Deep learning (More hidden layers):
- computationally more complicated than less hidden layers NN
- better generalization capabilities than less hidden layers NN
- Increasing number of hidden layers does not always lead to higher accuracy
- Increasing number of hidden layers could lead to overfitting above certain point.
Deep Convolutional Neural Networks
Convolutional Neural Networks (CNN) are often used in Computer Vision problems.
Classical CNN Consist of two parts:
- Feature extractor (Convolutional layers and Pooling layers)
- Extract feature from low level to high level
- Trainable classifier (Fully connectly layers)
Some history:
ImageNet challenge winners networks
Convolutional layer
Apart from Fully connected layer (Dense layer) we see from previous section, there is a type of layer called convolutional layer.
- Convolutional layers can extract local features from input data spatially.
- Also use less parameters than Fully connected layers.
Convolution in Convolutional layer
- Size of the block is called kernel/filter size
- Extract local features
The default convolution operation in Convolutional layer is not the same way we do in digital image processing. The output size will not be the same as input since we won’t extend the boundary.
A quick example (a convolutional layer with 1 filter) :
Pooling layer
- Pooling layer is introduced to reduces the dimensionality of feature.
- Often put right after Convolutional layer
- Pooling can be average pooling or maximum pooling
A quick example (a max pooling layer with 2x2 filters and 2 strides) :
- Stride = 2 means the it slide 2 blocks each time.
Dropout layer
This layer is used to fight against overfitting.
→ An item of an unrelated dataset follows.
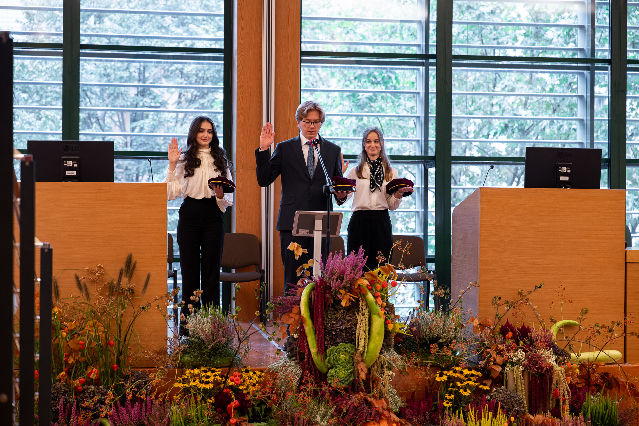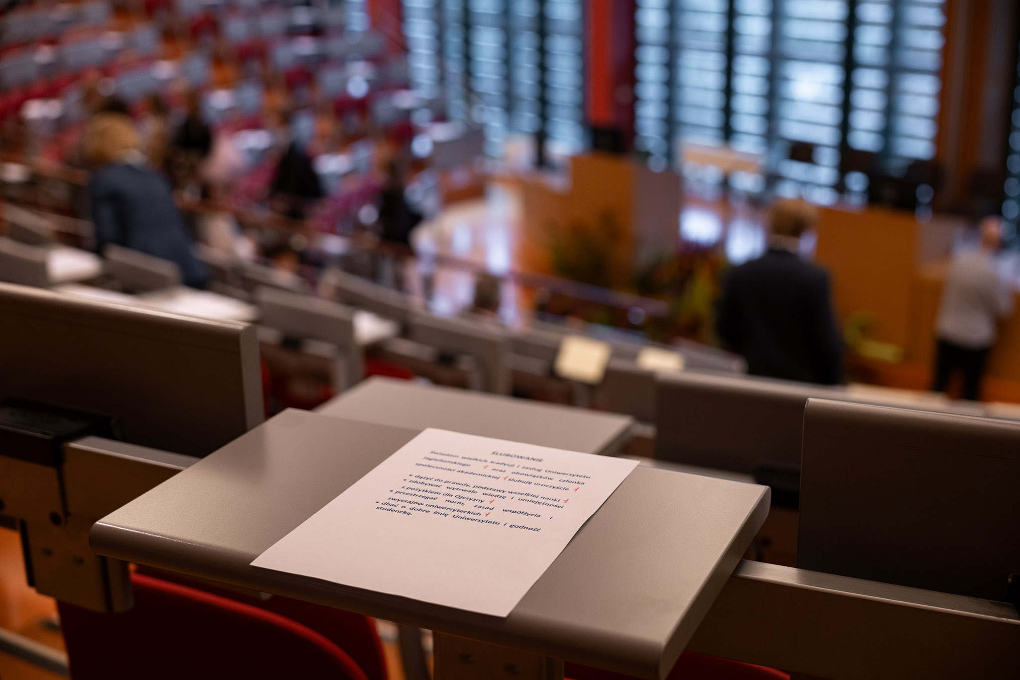 Uroczystość zakończono wysłuchaniem hymnu Gaudeamus Igitur, a świeżo upieczeni studenci otrzymali od pracowników dziekanatu uniwersyteckie upominki.

- Randomly (temporarily) deleting some of the neurons of the network in the training process
- Usually put 1 after pooling layer, or before FC layer
- Dropout almost doubbles the time to converge in training.
K-means clustering
- K-means clustering is Unsupervised learning
- Since clustering itself is a unsupervised learning method
- assignment of objects into groups (called clusters) so that objects from the same cluster are more similar to each other than objects from different clusters
- partitions x into k clusters
- Since clustering itself is a unsupervised learning method
- Features cannot be categorical
- It is simply not possible to use the k-means clustering over categorical data because you need a distance between elements and that is not clear with categorical data as it is with the numerical part of your data.
- Feature scaling is needed
- Feature scaling ensures that all the features get same weight in the clustering
- Used For Classification problems
- Make use of Geometry
Algorithm of K-means clustering
K-means clustering: how it works
- Choose the number of clusters (K), and input a set of points (X)
- Specify the cluster seeds (place centroid at random location for each cluster)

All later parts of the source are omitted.